Output, exactly as written, the lines below from the one that has "V meziročním srovnání" through the one that has "nhiên thế giới |"; nothing else, and no pictures.

§ **Available data**
────────────────

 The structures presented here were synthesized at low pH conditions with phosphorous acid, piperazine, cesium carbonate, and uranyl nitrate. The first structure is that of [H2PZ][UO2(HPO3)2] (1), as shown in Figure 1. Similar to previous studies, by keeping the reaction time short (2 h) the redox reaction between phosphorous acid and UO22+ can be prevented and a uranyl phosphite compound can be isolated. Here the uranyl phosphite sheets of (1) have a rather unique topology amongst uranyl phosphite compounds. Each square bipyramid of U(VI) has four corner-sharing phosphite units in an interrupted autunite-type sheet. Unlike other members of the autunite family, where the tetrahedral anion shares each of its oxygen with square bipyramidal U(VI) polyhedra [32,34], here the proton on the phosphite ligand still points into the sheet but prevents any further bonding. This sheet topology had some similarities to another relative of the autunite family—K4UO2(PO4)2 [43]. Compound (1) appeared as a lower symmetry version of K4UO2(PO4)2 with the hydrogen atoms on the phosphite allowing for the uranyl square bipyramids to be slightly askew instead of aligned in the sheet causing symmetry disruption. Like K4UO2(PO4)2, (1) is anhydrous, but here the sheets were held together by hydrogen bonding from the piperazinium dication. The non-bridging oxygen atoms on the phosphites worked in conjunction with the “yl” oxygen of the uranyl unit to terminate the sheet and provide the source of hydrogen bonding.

────────────────

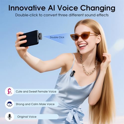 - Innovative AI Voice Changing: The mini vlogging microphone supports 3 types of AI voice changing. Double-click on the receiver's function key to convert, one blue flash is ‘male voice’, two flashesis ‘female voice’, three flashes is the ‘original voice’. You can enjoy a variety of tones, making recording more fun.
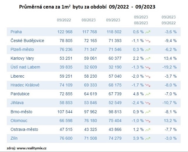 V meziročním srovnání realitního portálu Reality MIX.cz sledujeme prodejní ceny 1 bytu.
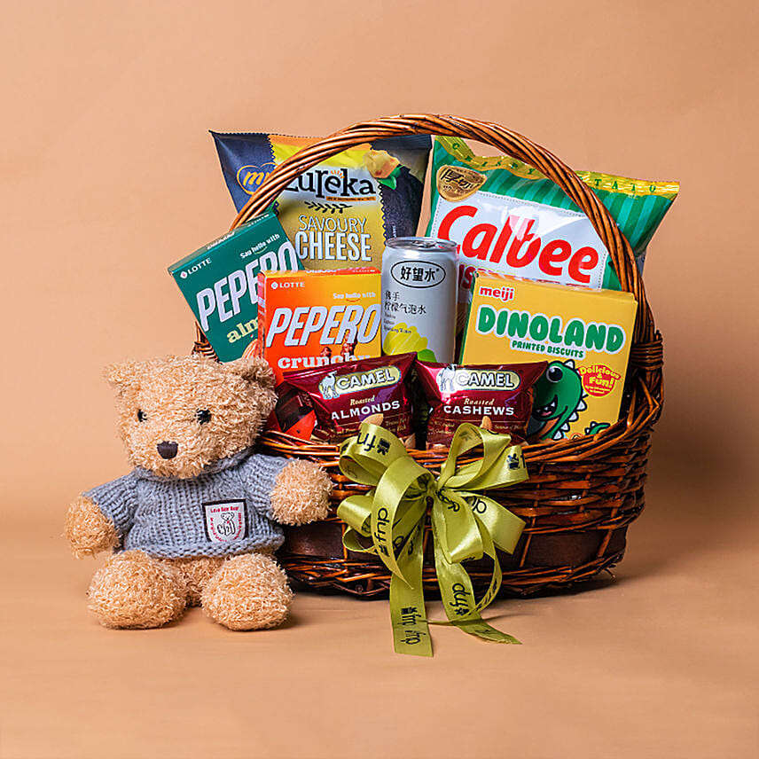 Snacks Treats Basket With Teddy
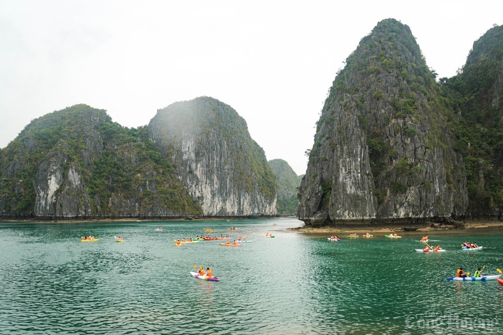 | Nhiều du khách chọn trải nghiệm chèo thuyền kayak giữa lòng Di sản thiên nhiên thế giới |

────────────────

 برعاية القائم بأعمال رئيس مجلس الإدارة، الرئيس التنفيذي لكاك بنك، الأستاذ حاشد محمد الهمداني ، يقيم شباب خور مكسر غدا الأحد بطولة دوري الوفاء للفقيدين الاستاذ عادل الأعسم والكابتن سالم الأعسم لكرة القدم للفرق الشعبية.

────────────────

§ **Answer section**
 V meziročním srovnání realitního portálu Reality MIX.cz sledujeme prodejní ceny 1 bytu.
 Snacks Treats Basket With Teddy
 | Nhiều du khách chọn trải nghiệm chèo thuyền kayak giữa lòng Di sản thiên nhiên thế giới |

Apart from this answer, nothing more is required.